Para os membros do clero que não compreendiam, era preciso explicar com gentileza; se não bastasse, prosseguia-se com trabalho ideológico, e os mais resistentes eram submetidos a educação corretiva, ajudando-os a abandonar seus maus hábitos.
Após a destituição de um arcebispo pouco devoto, dezoito bispos locais, bispos auxiliares e mais de cem padres, todos cooperaram de maneira muito ativa com o governo para concluir o processo de transição.
Normalmente, quando um membro do clero é considerado pouco devoto, seu destino é trágico.
Mas desta vez foi diferente: Franz intercedeu por eles. Bastava que, na próxima campanha pela reconquista do Estado Papal, demonstrassem ser fiéis devotos.
Conseguir resolver as questões da Igreja sem derramamento de sangue fez o governo austríaco perceber a importância do Estado Papal; um Papa favorável à Áustria ajudaria o governo a administrar melhor o clero.

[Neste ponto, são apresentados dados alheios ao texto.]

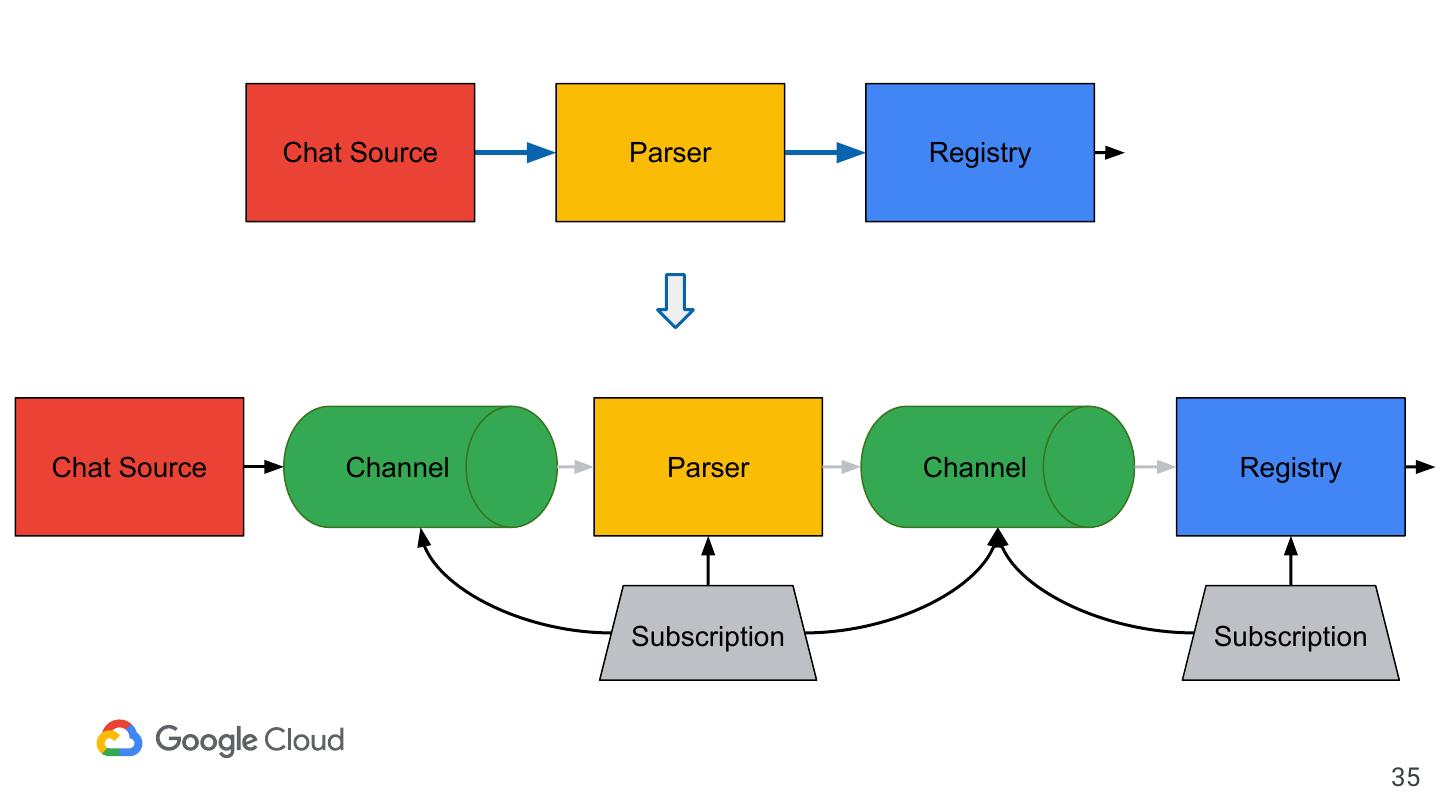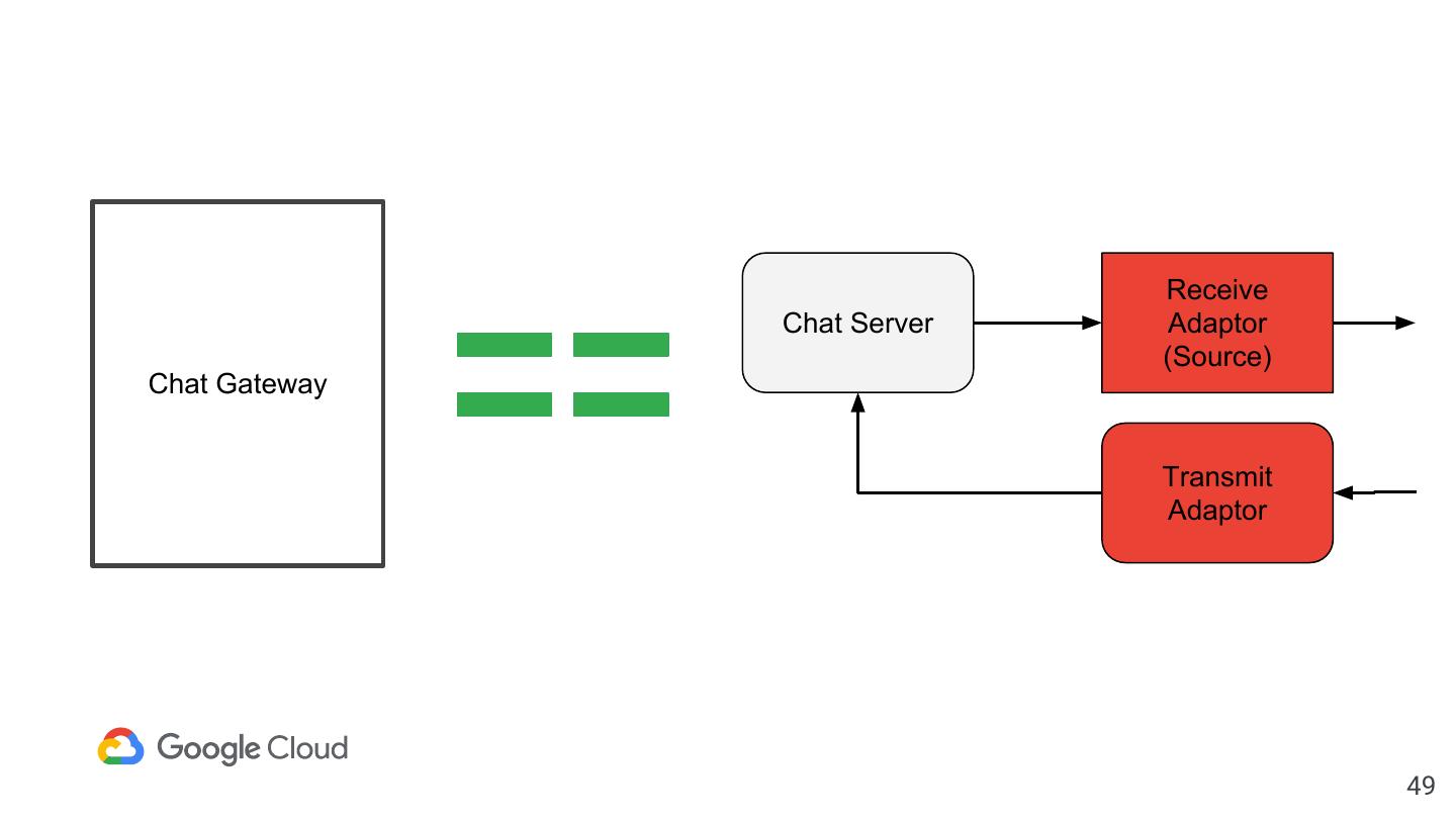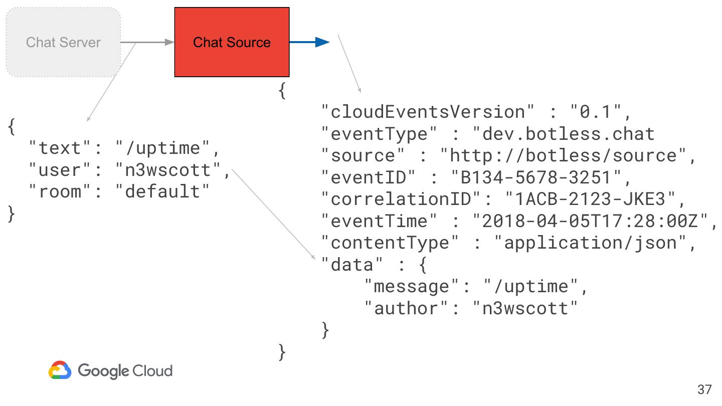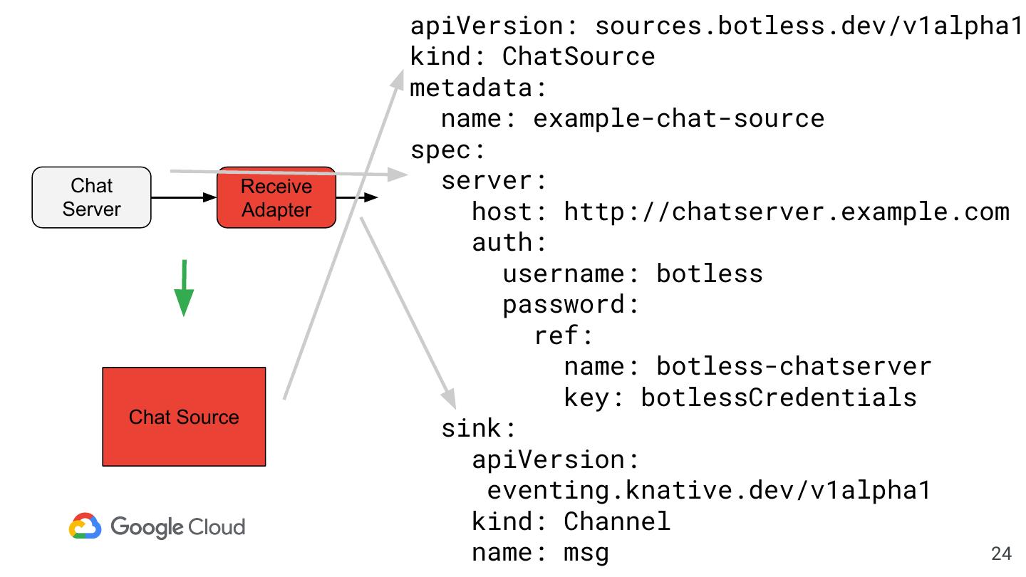 24 . apiVersion: sources.botless.dev/v1alpha1 kind: ChatSource metadata: name: example-chat-source spec: Chat Receive server: Server Adapter host: http://chatserver.example.com auth: username: botless password: ref: name: botless-chatserver key: botlessCredentials Chat Source sink: apiVersion: eventing.knative.dev/v1alpha1 kind: Channel name: msg 24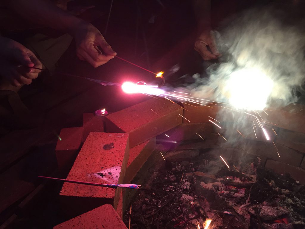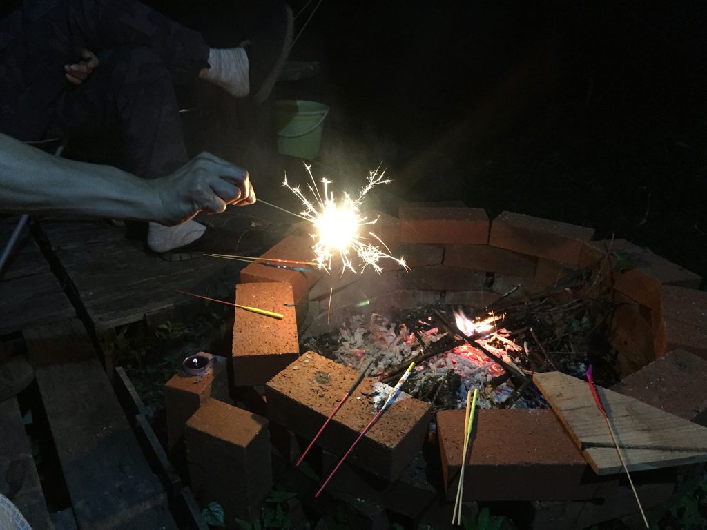 夕飯済んだところで、Oさんたちを呼んで、花火だぁ〜 d(⌒o⌒)b

Em resumo, se algum bispo desagradava, era enviado ao Estado Papal para servir a Deus; por exemplo, cuidar dos lugares sagrados era uma tarefa com grande perspectiva.
Quem recebe benefícios, naturalmente, deve cumprir sua parte. O Papa Pio IX fez o que lhe cabia, e agora era a vez do governo austríaco pagar a recompensa.
Franz detestava profundamente salários atrasados, e jamais se tornaria aquilo que mais odiava.
“Como está o Marechal Radetzky? Será necessário transferir tropas do país?” perguntou Franz.
“Majestade, a retirada das tropas do Reino da Sardenha está prestes a ser concluída; o moral das tropas na linha de frente está elevado, podem participar plenamente desta operação.
No entanto, o Marechal Radetzky sugere que esses soldados retornem ao país, e que uma nova leva seja mobilizada para intervir no Estado Papal,” respondeu o Ministro do Exército, Príncipe Windisch-Grätz.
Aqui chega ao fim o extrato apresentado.